市場の混乱に耐えたDeFi──パニックの中、数億ドルが流入
  • DeFi(分散型金融)プロトコルのAave(アーベ)は、今週はじめ、市場が急落したにもかかわらず、TVL(預け入れ額)は過去最高の1100万イーサリアム(ETH)を記録した。
  • DEX(分散型取引所)の取引高も増加している。
  • こうした傾向は、トレーダーが価格変動リスクを抑えようとするなかで、DeFiが成熟期を迎えていることを示している。

今週はじめ、関税に端を発した市場の暴落により、暗号資産は広く下落し、ビットコイン(BTC)は一時8万ドルを割り、イーサリアム(ETH)は2年ぶりの安値となる1432ドルをつけた。DeFi(分散型金融)セクターも、TVLが2024年11月以来の低水準となる950億ドルまで落ち込んだ。

だが、DeFiにとっては、悪いニュースばかりではなかった。

暗号資産が下落するなかで、DeFiは堅調さを見せ、資金流出は限定的で、主要な利用指標はイーサリアムよりもはるかに良好な推移を示した。

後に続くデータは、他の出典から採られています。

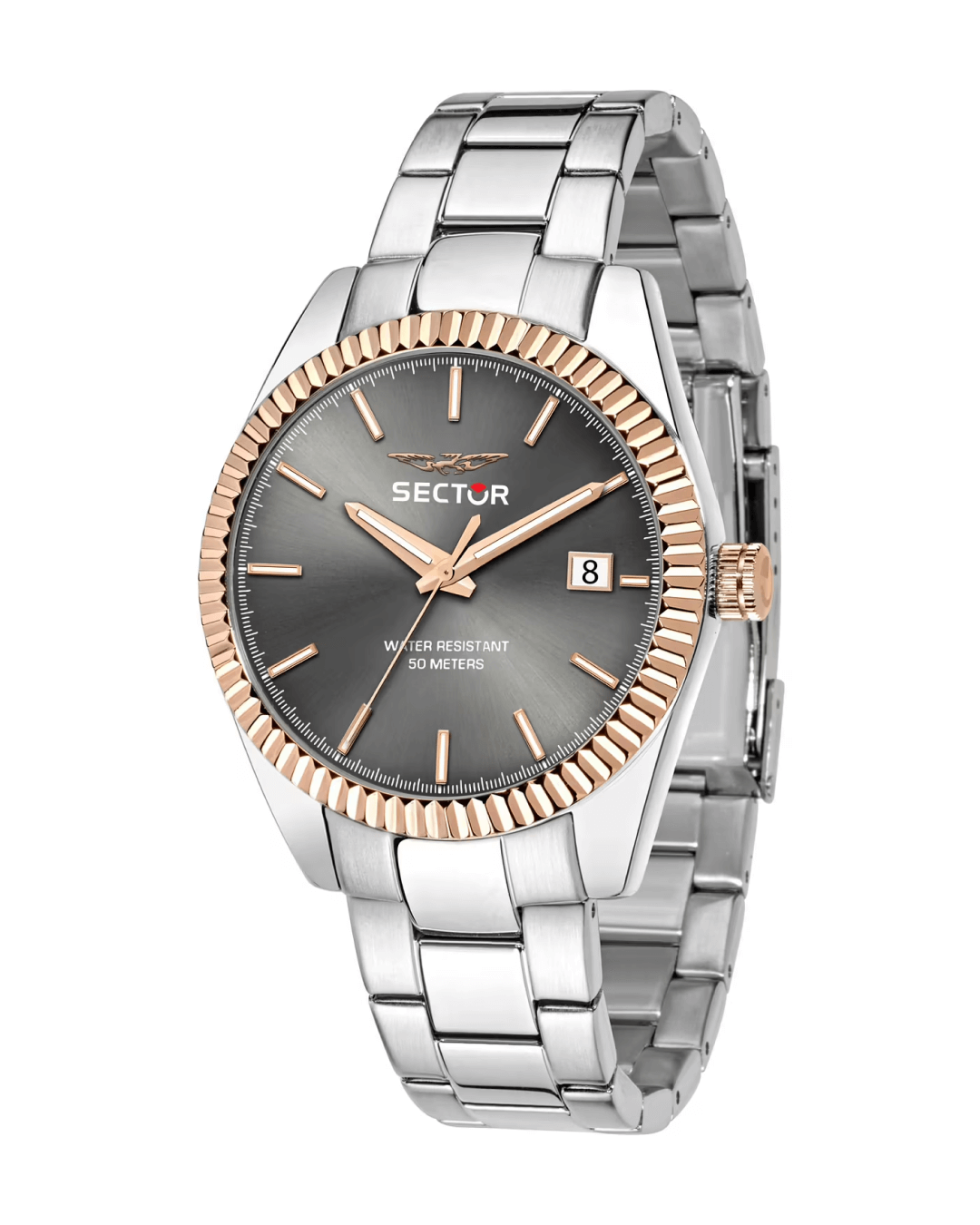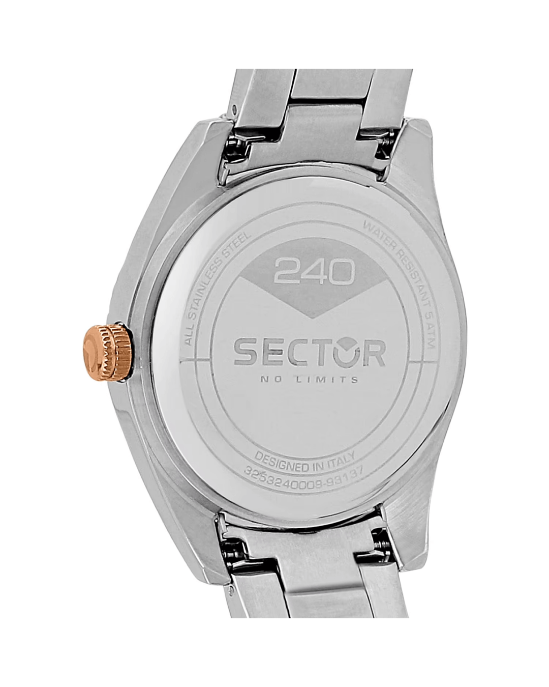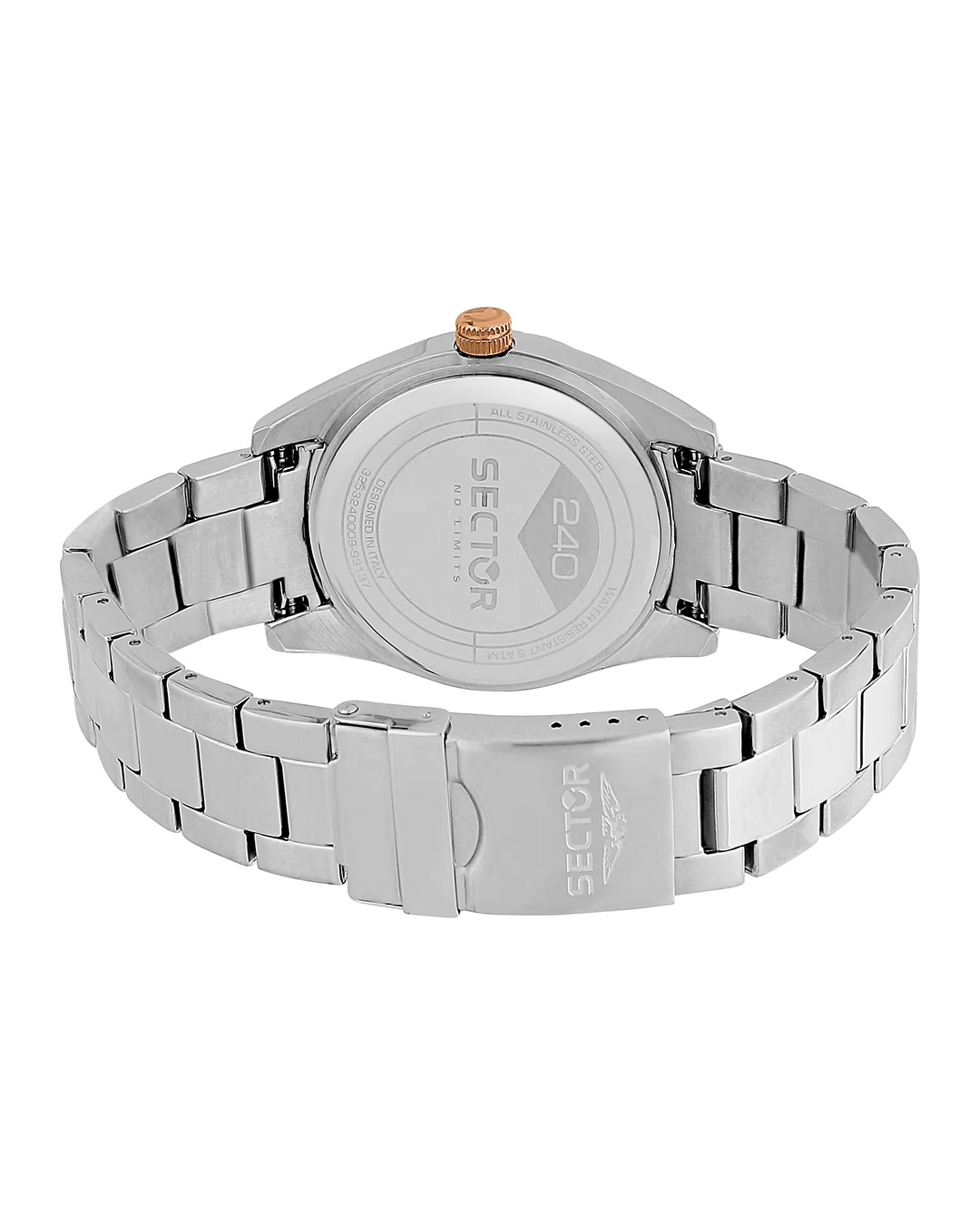 The SECTOR 240 R3253240009 is a men's watch combining sport elegance and modern design, reflecting its philosophy Sector – No Limits. The harmonious contrast of silver with the pink gold details gives it a luxurious and dynamic look, making it the perfect choice for any occasion.

最大規模のDeFiプロトコルであるAave(アーベ)のイーサリアム建てのTVL(預け入れ額)は今週上昇し、1102万イーサリアム(約173億2000万ドル、約2兆5114億円、1ドル145円換算)の過去最高を記録した。年初の300万イーサリアムから着実に増加している。

〈Aave(アーベ)のTVL:DefiLlama〉

こうした傾向は、最近の強気相場がミームコインに焦点を当てていた一方で、DeFiの実世界でのユースケースがまだ、きわめて活発であることを示している。過去のサイクルでは、中央集権型取引所の影響力の大きさと、流動性不足から、DeFiは苦境に立たされていたが、今はトレーダーが価格変動リスクを抑えようとするなかで、資金が流入しており、DeFiの長期的な健全性に不可欠な流動性が増加している。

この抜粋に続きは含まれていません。